The character hobbled around for awhile, concealing the severity until he passed out from blood loss.

Given proper medical treatment (ca. abut 1945 with a doctor on scene), how long before the character might reasonably be expected to be able to get out of bed without tearing stitches?

Character is a 19 year old in prime physical condition going into the fight.

Thanks for any aid.

snafu1056
11-21-2016, 03:33 PM
if it was deep enough he might've had to literally hold in his bowels because those have a tendency to pop out when the abdominal wall "springs a leak". They dont always spill out either, like a classic disemboweling. Sometimes sections will just protrude from the wound like an external hernia, which I would imagine is pretty painful. The aorta also runs through the belly but i think its protected by the intestines (I could be wrong). The wound would have to be really deep to nick that I think.

Bren McDonnall
11-21-2016, 05:35 PM
Doesn't quite go through to the internals. It's addressed in the story.

Just need to figure out how long he's going to be sequestered in the sick bed before he can get back up and start moving around without tearing things open again.

WeaselFire
11-21-2016, 06:09 PM
Doesn't quite go through to the internals.

Then it's not that serious that blood loss should be an issue. The abdominal wall is muscle, it will be painful and may restrict movement, but there are no major arteries or veins in it. You have to get into the intestinal cavity for serious blood loss.

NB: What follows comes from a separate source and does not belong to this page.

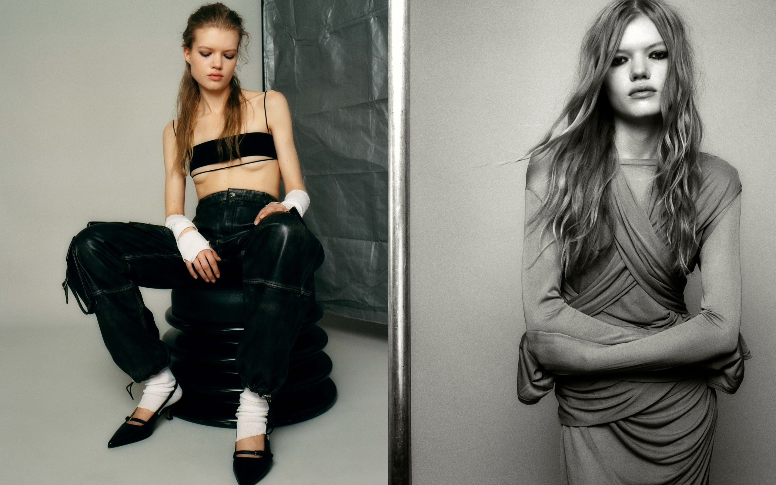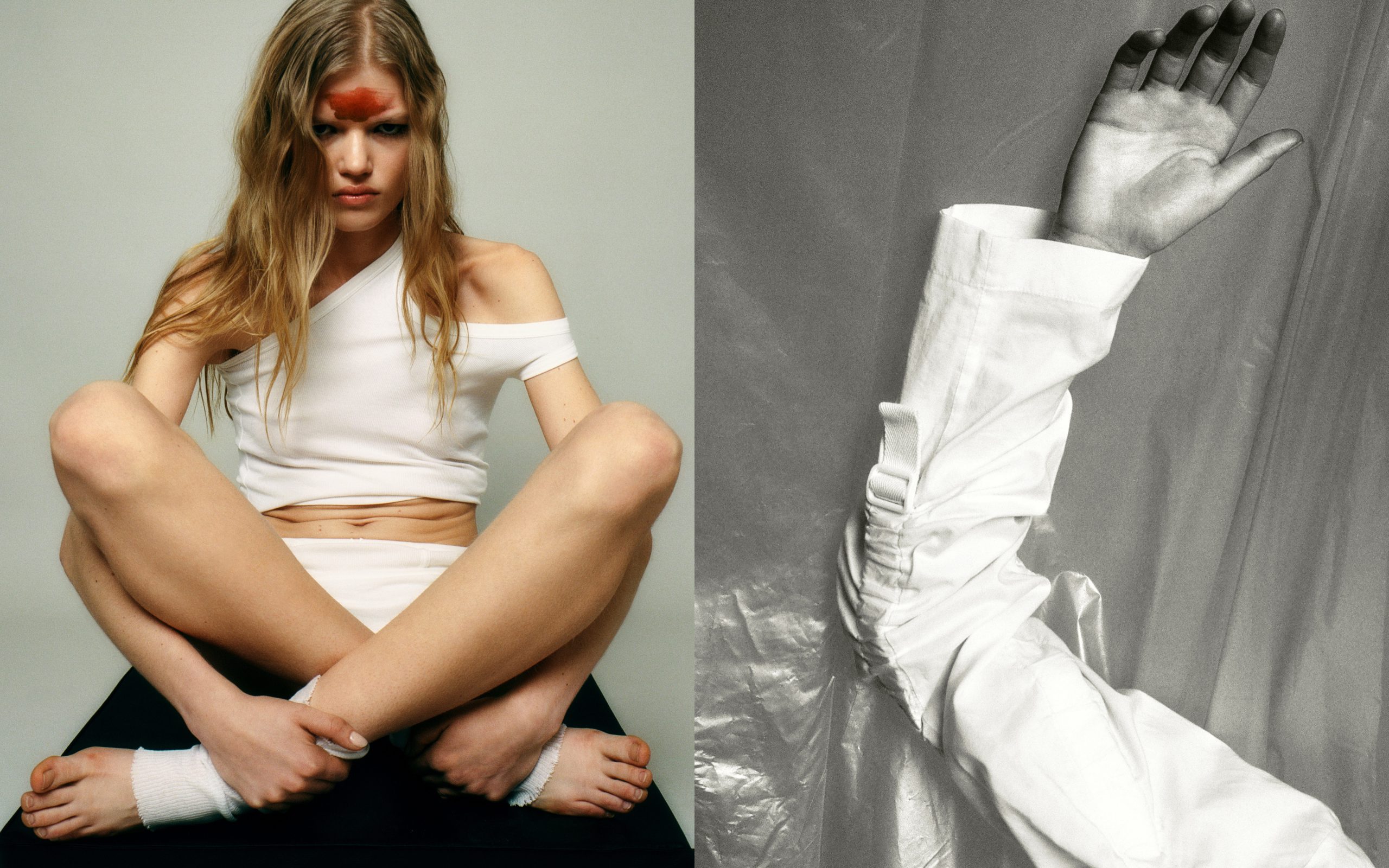 left – Top THEUNISSEN, gloves HELMUT LANG ARCHIVE (PYRN ARCHIVES),

But, have him unable to rise after tripping because his muscles can't pull him up. That gets him noticed, medical attention is bandage immediate, sutures at an aid station, bed rest for a few weeks.

Jeff

GeorgeK
11-21-2016, 07:21 PM
Actually it is possible to bleed to death from just a skin wound. I know of at least one case. The offending surgeon tried to claim that the patient had an unknown bleeding issue until the autopsy showed no known coagulopathies and then they found my operative report and post op notes from a couple years earlier for an unrelated surgery and everything was normal and uneventful. A deep laceration of the abdominal wall that damages the rectus muscle without opening the peritoneum could basically bleed as little or as much as the author wants without further explanation. If there is significant blood loss that may require oversewing the bleeders, or might manage with a pressure dressing. The wound would be expected to be completely healed in 6 weeks or so since there's no involvement of the internal abdominal organs. A young healthy person may be up to very slowly walking around the same day or a day later and possibly back to light duty in about two weeks. When I was 19 I had an emergency appendectomy, minimal blood loss, walking that night, back to school in 3 days and work in 10 days. I was pretty winded by the afternoons for about 3 weeks.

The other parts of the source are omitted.